**Stored records**
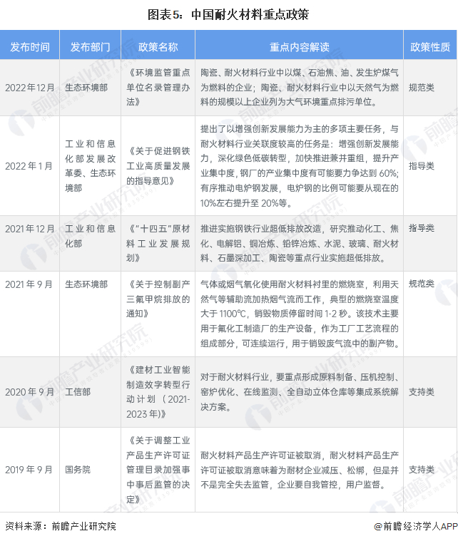 本文核心数据:耐火材料行业重点政策;耐火材料制品产量;耐火材料行业市场规模
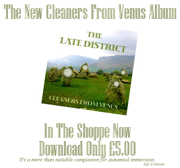 Current Online Shop Stock List Return To BohemiaReleased online in May 2014Recorded on a Tascam Pocketstudio using real musical instruments. Twelve new high quality songs.Please email Martin to tell him you bought it and donate Six Pounds (GBP) via Paypal and Martin will send you the download link. If you don't hear back in a few hours then email Paul.temporary artworkTHE LATE DISTRICTnew album from The Cleaners From Venus 2012Available to downloadFive pounds please.It's here, it's ginchy
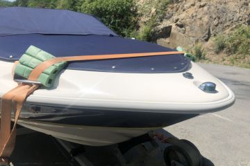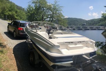 Hbitý udržovaný motorový člun pro 8 lidí je v bezvadném stavu po sezonním servisu. Loď (5,6m délka a 2,4 šířka) s platnou technickou prohlídkou je z roku 2006, téměř nový motor má najeto 15 mth. Trup FastTrack perfektně drží na vodní hladině i v náročnějších podmínkách. Nové krycí plachty, nový propeler, nové náplně. CD, radio, typovaná na vodní sporty. Celkově nenáročná na provoz, snadná na převoz. Včetně vleku.
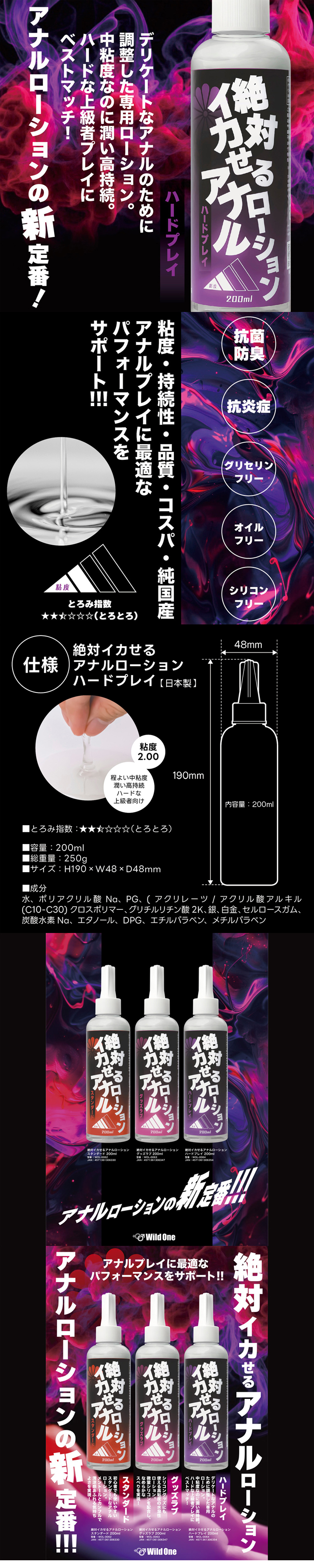 【商品名稱】 日本Wild One 絕對高潮後庭專用中黏度持續性潤滑液200ml
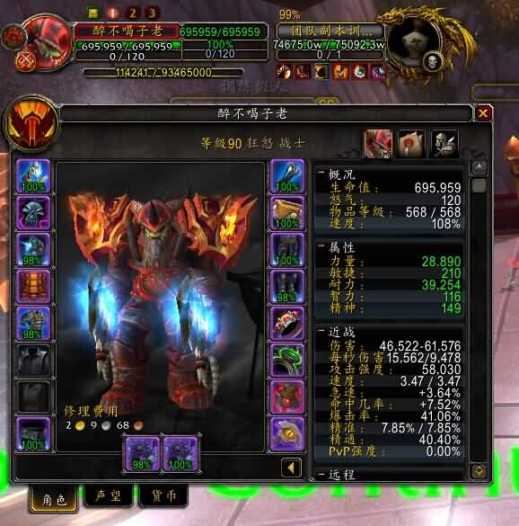 人小狂暴战一枚·装等568·今晚打掉25PTNCH拿到了斧头·顺路去撸了盘双月木桩·1E2秒杀28W(停手的时候是28.5)全程无食物合剂·就自己的怒吼BUFF自我感觉这装等打这DPS挺满意的·上面是输出图和输出比例
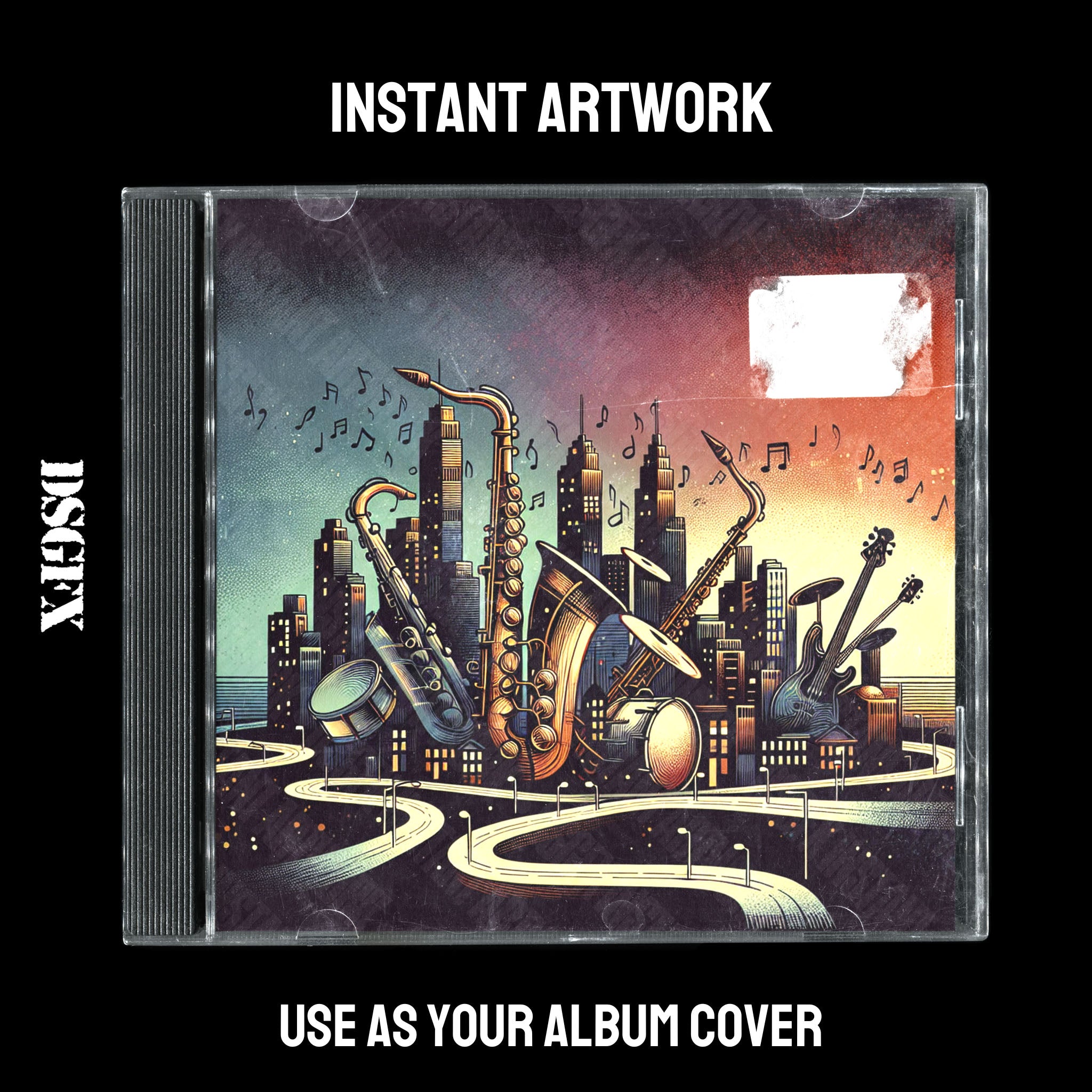 This vibrant album cover art depicts a city skyline silhouette fused with various musical instruments such as saxophones, a trumpet, a drum set, and guitars, set against a colorful dusk sky background. The dynamic composition with swirling music notes and an urban landscape makes it ideal for jazz fusion bands or artists who blend urban sounds with traditional instruments.
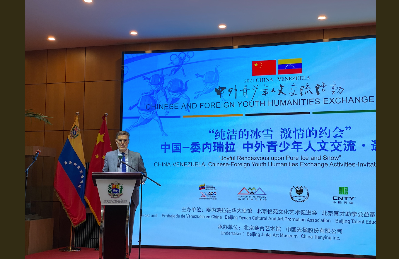 委內(nèi)瑞拉駐華大使菲利克斯在活動致辭中表示,此次展覽旨在推動中委兩國兒童與青少年的人文藝術(shù)交流,并以此為契機(jī)傳播努力、守紀(jì)、奮斗的體育精神。菲利克斯大使邀請來賓“共同見證中委兩國兒童和青年的優(yōu)秀才華與非凡的創(chuàng)造力,并共同努力為下一代創(chuàng)造一個光明的未來,鋪就一條充滿正義、平等、情誼的道路”。他還代表委內(nèi)瑞拉祝愿2022北京冬奧會取得圓滿成功,并期待借助冬奧會助推世界人民的團(tuán)結(jié)與和平。
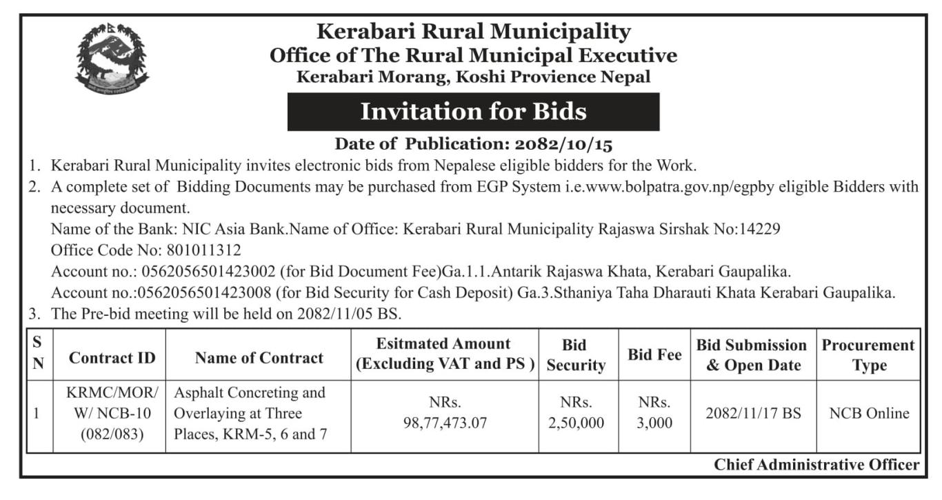 केराबारी गाउँपालिका वडा नं ६ मुगु खोला पुल देखि वडा नं ७ लाङ्घाली चौकसम्म कालोपत्रे सडक मर्मत, केराबारी गाउँपालिका वडा नं ५ हुलाक चौक उत्तर सडक कालोपत्रे र केराबारी गाउँपालिका वडा नं ७ सिमल चौक दक्षिण सडक कालोपत्रे सम्बन्धि बोलपत्र आव्हानको सूचना ।
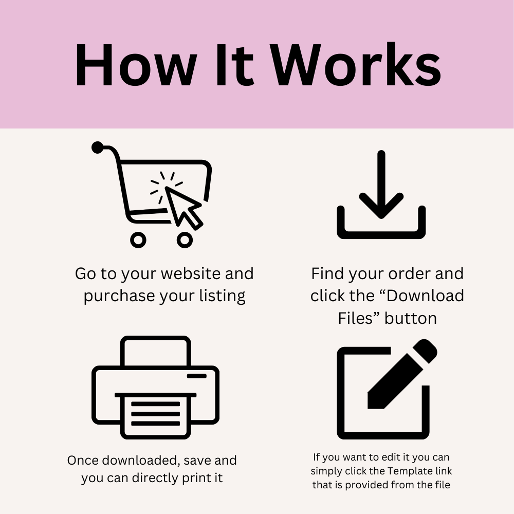 1 Pdf file that serve as your purchase guide towards the product. Note: • There are no physical or printed products that will be shipped. • Colors may vary slightly depending on the computer monitor and printer you decide to use. • This item is for personal use only. not to be resold, or redistributed, and not to use for any commercial purposes. Any queries? Please contact me via message! I am open to queries, comments, and suggestions.
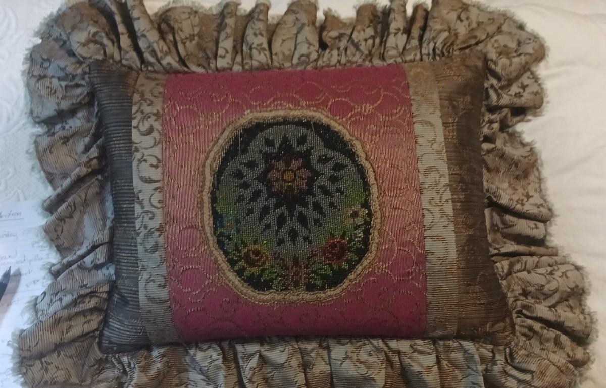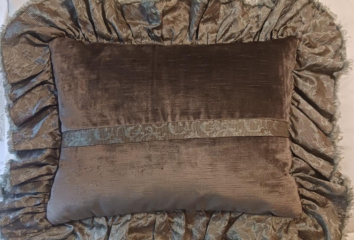 Decorative ruffled throw pillow with red, gold colors satiny type material
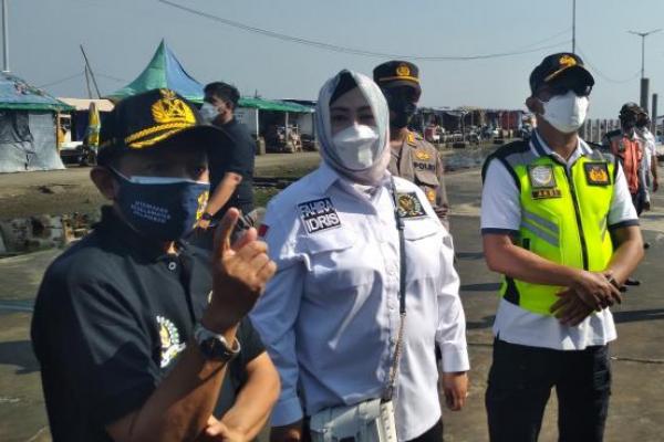 Anggota DPD RI Dapil DKI Jakarta Fahira Idris (tengah bersama Kepala KSU Tanjung Priok Andi Hartono (kiri) di Pelabuhan Kali Adem, Muara Angke, Jakarta Utara.
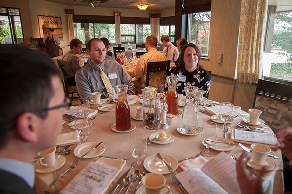 Offering encouragement at Tuesday's event, the latest in a series of dinners sponsored by the Alumni Relations and Career Services offices, were Annmarie Phillips, a perennial supporter and member of the Penn College Foundation Board of Directors; George E. Logue III, a 2010 graduate in culinary arts and systems; and Daniel R. Bennett, the college's manager of information technology security.

**About this task**
From top to bottom, restate the records above exactly and omit every picture.

**Response area**
 本文核心数据:耐火材料行业重点政策;耐火材料制品产量;耐火材料行业市场规模
 Current Online Shop Stock List Return To BohemiaReleased online in May 2014Recorded on a Tascam Pocketstudio using real musical instruments. Twelve new high quality songs.Please email Martin to tell him you bought it and donate Six Pounds (GBP) via Paypal and Martin will send you the download link. If you don't hear back in a few hours then email Paul.temporary artworkTHE LATE DISTRICTnew album from The Cleaners From Venus 2012Available to downloadFive pounds please.It's here, it's ginchy
 Hbitý udržovaný motorový člun pro 8 lidí je v bezvadném stavu po sezonním servisu. Loď (5,6m délka a 2,4 šířka) s platnou technickou prohlídkou je z roku 2006, téměř nový motor má najeto 15 mth. Trup FastTrack perfektně drží na vodní hladině i v náročnějších podmínkách. Nové krycí plachty, nový propeler, nové náplně. CD, radio, typovaná na vodní sporty. Celkově nenáročná na provoz, snadná na převoz. Včetně vleku.
 【商品名稱】 日本Wild One 絕對高潮後庭專用中黏度持續性潤滑液200ml
 人小狂暴战一枚·装等568·今晚打掉25PTNCH拿到了斧头·顺路去撸了盘双月木桩·1E2秒杀28W(停手的时候是28.5)全程无食物合剂·就自己的怒吼BUFF自我感觉这装等打这DPS挺满意的·上面是输出图和输出比例
 This vibrant album cover art depicts a city skyline silhouette fused with various musical instruments such as saxophones, a trumpet, a drum set, and guitars, set against a colorful dusk sky background. The dynamic composition with swirling music notes and an urban landscape makes it ideal for jazz fusion bands or artists who blend urban sounds with traditional instruments.
 委內(nèi)瑞拉駐華大使菲利克斯在活動致辭中表示,此次展覽旨在推動中委兩國兒童與青少年的人文藝術(shù)交流,并以此為契機(jī)傳播努力、守紀(jì)、奮斗的體育精神。菲利克斯大使邀請來賓“共同見證中委兩國兒童和青年的優(yōu)秀才華與非凡的創(chuàng)造力,并共同努力為下一代創(chuàng)造一個光明的未來,鋪就一條充滿正義、平等、情誼的道路”。他還代表委內(nèi)瑞拉祝愿2022北京冬奧會取得圓滿成功,并期待借助冬奧會助推世界人民的團(tuán)結(jié)與和平。
 केराबारी गाउँपालिका वडा नं ६ मुगु खोला पुल देखि वडा नं ७ लाङ्घाली चौकसम्म कालोपत्रे सडक मर्मत, केराबारी गाउँपालिका वडा नं ५ हुलाक चौक उत्तर सडक कालोपत्रे र केराबारी गाउँपालिका वडा नं ७ सिमल चौक दक्षिण सडक कालोपत्रे सम्बन्धि बोलपत्र आव्हानको सूचना ।
 1 Pdf file that serve as your purchase guide towards the product. Note: • There are no physical or printed products that will be shipped. • Colors may vary slightly depending on the computer monitor and printer you decide to use. • This item is for personal use only. not to be resold, or redistributed, and not to use for any commercial purposes. Any queries? Please contact me via message! I am open to queries, comments, and suggestions.
 Decorative ruffled throw pillow with red, gold colors satiny type material
 Anggota DPD RI Dapil DKI Jakarta Fahira Idris (tengah bersama Kepala KSU Tanjung Priok Andi Hartono (kiri) di Pelabuhan Kali Adem, Muara Angke, Jakarta Utara.
 Offering encouragement at Tuesday's event, the latest in a series of dinners sponsored by the Alumni Relations and Career Services offices, were Annmarie Phillips, a perennial supporter and member of the Penn College Foundation Board of Directors; George E. Logue III, a 2010 graduate in culinary arts and systems; and Daniel R. Bennett, the college's manager of information technology security.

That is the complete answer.